Dans la région, la température a pu monter jusqu’à 40°C. « Or au-dessus de 10°C, les ours polaires souffrent d’hyperthermie », s’alarme  l’association C’est Assez qui prétend détenir d’autres images non moins révoltantes.

Pour le parc Marineland, déjà épinglé pour les conditions de vie de ses orques, ce comportement est un signe de rut. Une interprétation démentie par des scientifiques que C’est Assez dit avoir contacté. «Un ours polaire n’a rien à faire dans une baignoire, n’importe où dans le monde, et encore moins dans le Sud de la France ».

Autant de bonnes raisons pour réclamer d’urgence leur transfert. C’est l’objet de la pétition lancée par l’association. « Il est impératif de trouver une solution de remplacement, dans un lieu plus adapté à leur physiologie, à l’image par exemple du parc Orsa Rovdjurspark en Suède où l’ourse Hope, fille de Raspoutine, a été transférée », précise le texte de la pétition.

Des animaux privés de leur instinct de prédateur

La pétition réclame également l’interdiction pure et simple de la détention d’ours polaire dans un parc animalier.
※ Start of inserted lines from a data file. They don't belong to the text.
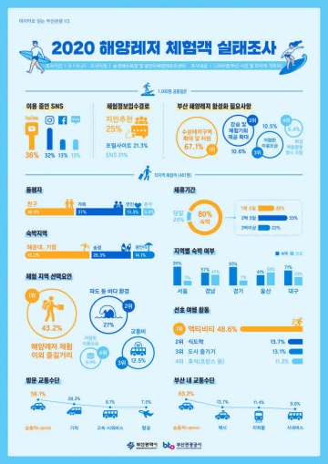 이번 조사는 공사가 해양레저 체험객 실태 분석 및 마케팅 활성화 방안을 모색하기 위해 지난 8월 한 달간 송정해수욕장과 광안리해양레포츠센터에서 해양레저 체험객 1천 명을 대상으로 현장 설문조사로 진행됐다.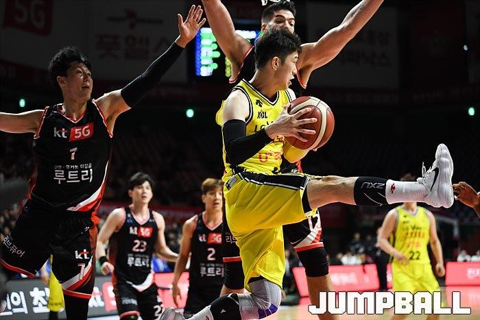 [점프볼=부산/유용우 기자] 06일 부산 사직체육관에서 열린 '2019-2020 현대모비스 프로농구' 부산 kt와 창원 LG의 경기, LG 박병우가 돌파하며 패스를 내주고 있다.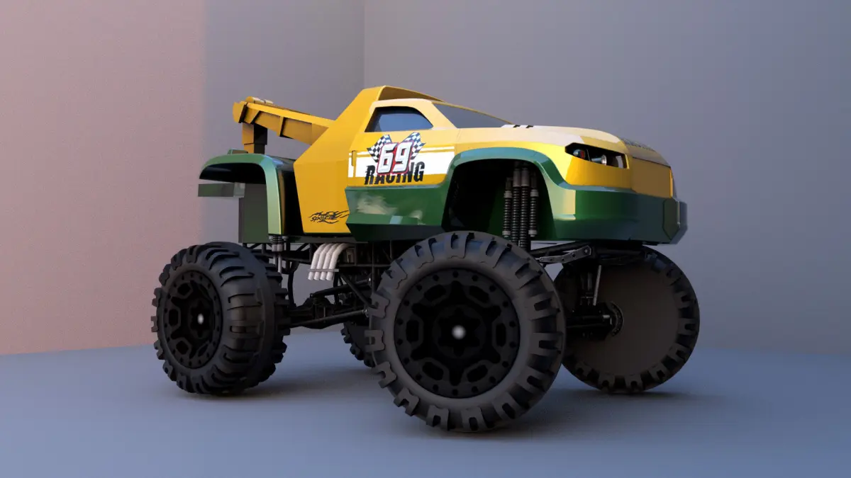 Wheels have spindle nodes for easy animation. Monster Truck have logical hierarchy and naming.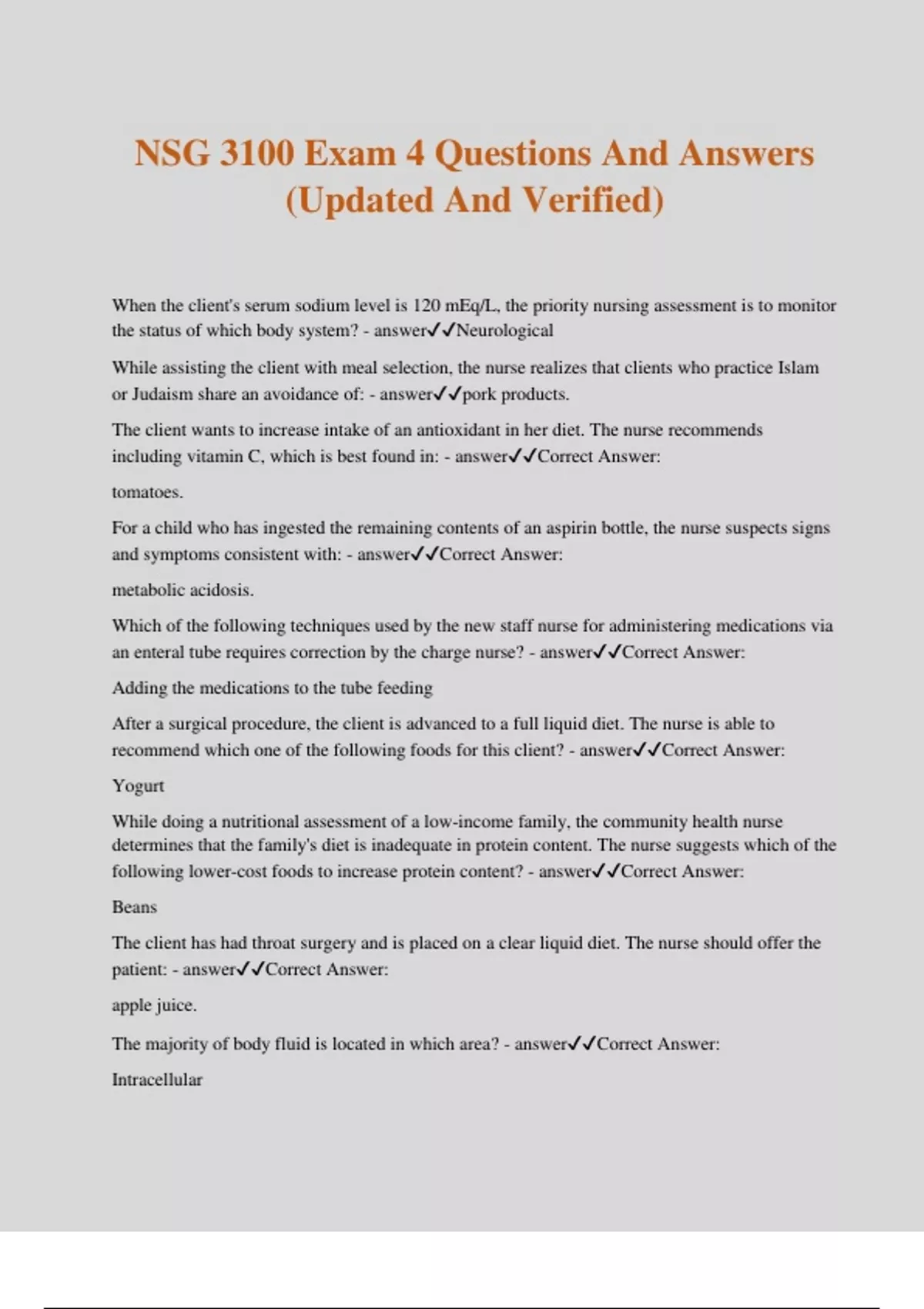 NSG 3100 Exam 4 Questions And Answers (Updated And Verified) When the client's serum sodium level is 120 mEq/L, the priority nursing assessment is to monitor the status of which body system? - answerNeurological While assisting the client with meal selection, the nurse realizes that clients who practice Islam or Judaism share an avoidance of: - answerpork products. The client wants to increase intake of an antioxidant in her diet. The nurse recommends including vitamin C, which is best found in: - answerCorrect Answer: tomatoes. For a child who has ingested the remaining contents of an aspirin bottle, the nurse suspects signs and symptoms consistent with: - answerCorrect Answer: metabolic acidosis. Which of the following techniques used by the new staff nurse for administering medications via an enteral tube requires correction by the charge nurse? - answerCorrect Answer: Adding the medications to the tube feeding After a surgical procedure, the client is advanced to a full liquid diet. The nurse is able to recommend which one of the following foods for this client? - answerCorrect Answer: Yogurt While doing a nutritional assessment of a low-income family, the community health nurse determines that the family's diet is inadequate in protein content. The nurse suggests which of the following lower-cost foods to increase protein content? - answerCorrect Answer: Beans The client has had throat surgery and is placed on a clear liquid diet. The nurse should offer the patient: - answerCorrect Answer: apple juice. The majority of body fluid is located in which area? - answerCorrect Answer: Intracellular The nurse recognizes that the client, on the basis of the imbalance that is present, will require fluid replacement with isotonic solution. One of the isotonic solutions that may be ordered by the physician is: - answerCorrect Answer: Lactated Ringer solution. One of the first indications of fluid volume deficit is: - answerCorrect Answer: tachycardia. For the client with a vitamin D deficiency and inadequate calcium intake, the nurse observes for: - answerCorrect Answer: Chvostek sign Chvostek sign - answeran abnormal reaction to the stimulation of the facial nerve. A nasogastric tube is inserted in order for the client to receive intermittent tube feedings. The action by the nurse that requires correction by the unit manager is: - answerCorrect Answer: instilling air into the NG tube to check for placement. The mucous membranes of a normally hydrated individual are: - answerCorrect Answer: moist. Of the following clients, the nurse recognizes that the individual who is most at risk for a fluid volume deficit is: - answerCorrect Answer: 42-year-old with severe vomiting. The single best indicator of fluid status is the nurse's assessment of the client's: - answerCorrect Answer: daily body weight The nurse is inserting a nasogastric tube. During the insertion, the client starts to gag and becomes dyspneic. Which action should the nurse take? - answerCorrect Answer: Withdraw the tube and start again. It is recommended that adults consume approximately how much of their diet from carbohydrates? - answerCorrect Answer: 50% A critical measure for clients with hypocalcemia and hypomagnesemia is: - answerCorrect Answer: implementing seizure precautions.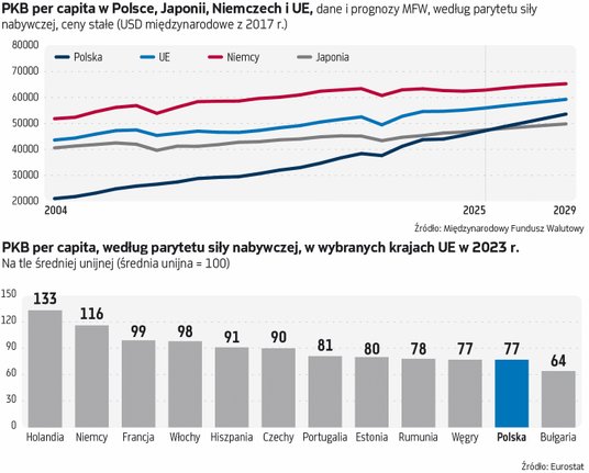 Czy Polska będzie drugą Japonią? Pod względem wytwarzanego PKB na osobę, liczonego według parytetu siły nabywczej (PPS; wyrównuje różnice w poziomie cen między gospodarkami) – już może nią być. Prognozy Międzynarodowego Funduszu Walutowego zakładają, że w 2025 r. polski PKB na osobę, liczony w tzw. dolarach międzynarodowych, ma sięgnąć 47,1 tys. wobec 47,5 tys. w Japonii. Jeśli dobrze pójdzie, Azjatów w tej statystyce dojdziemy już w tym roku, jeśli nie: za rok. Podobną drogę przechodzimy względem Unii Europejskiej. Z danych MFW wynika, że w 2004 r. byliśmy na poziomie 49 proc. średniej unijnej, w 2023 r. było to już 80 proc., a w 2024 r. 82 proc. Dość podobne dane publikuje Eurostat – z jego danych wynika, że w 2004 r. PKB na osobę według PPS było w Polsce na poziomie 52 proc. unijnej średniej, w 2023 r. było to 77 proc. Wstępne dane za 2024 r. powinniśmy poznać jeszcze w marcu, szacunki sugerują powrót w okolice 80 proc. średniej UE.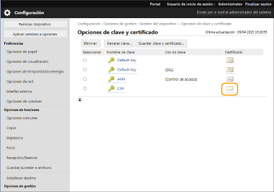 Haga clic en [Gestión del dispositivo]  [Opciones de clave y certificado].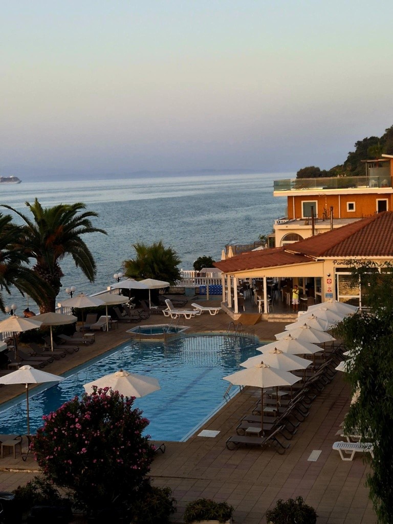 Piaszczyste wybrzeże Morza Jońskiego mieści się bezpośrednio przy hotelowej posesji. Na potrzeby gości ośrodka Chryssi Akti udostępniono wąską plażę publiczną o łagodnym zejściu do wody, na której terenie skorzystają oni z bezpłatnych parasoli oraz leżaków. Za dopłatą zapewniono też dodatkowe usługi, np. opcję wypożyczenia sprzętu sportowego, a także lokale gastronomiczne i sklepy.

Une aberration tant pour les scientifiques que pour les défenseurs de la cause animale.

Femelle ours polaire et son petit © outdoorsman

« Ce sont des prédateurs, ils manquent d’espace. L’ours polaire est fait pour marcher sur la banquise, chasser, plonger dans l’eau gelée. C’est sa vie. Si une réintroduction en milieu naturel est trop compliquée, on peut transférer les ours dans des endroits froids, comme le nord de l’Europe », s’indigne Pierre Robert de Latour, fondateur de l’association Orques sans frontière dans les colonnes de Libération(1).

Rappelons que ces animaux parcourent en moyenne 3.000 kilomètres par an à l’état sauvage ! La taille d’un enclos correspond à seulement un millionième de l’étendue de leur environnement naturel. La captivité les prive également d’exprimer leur instinct de prédateur.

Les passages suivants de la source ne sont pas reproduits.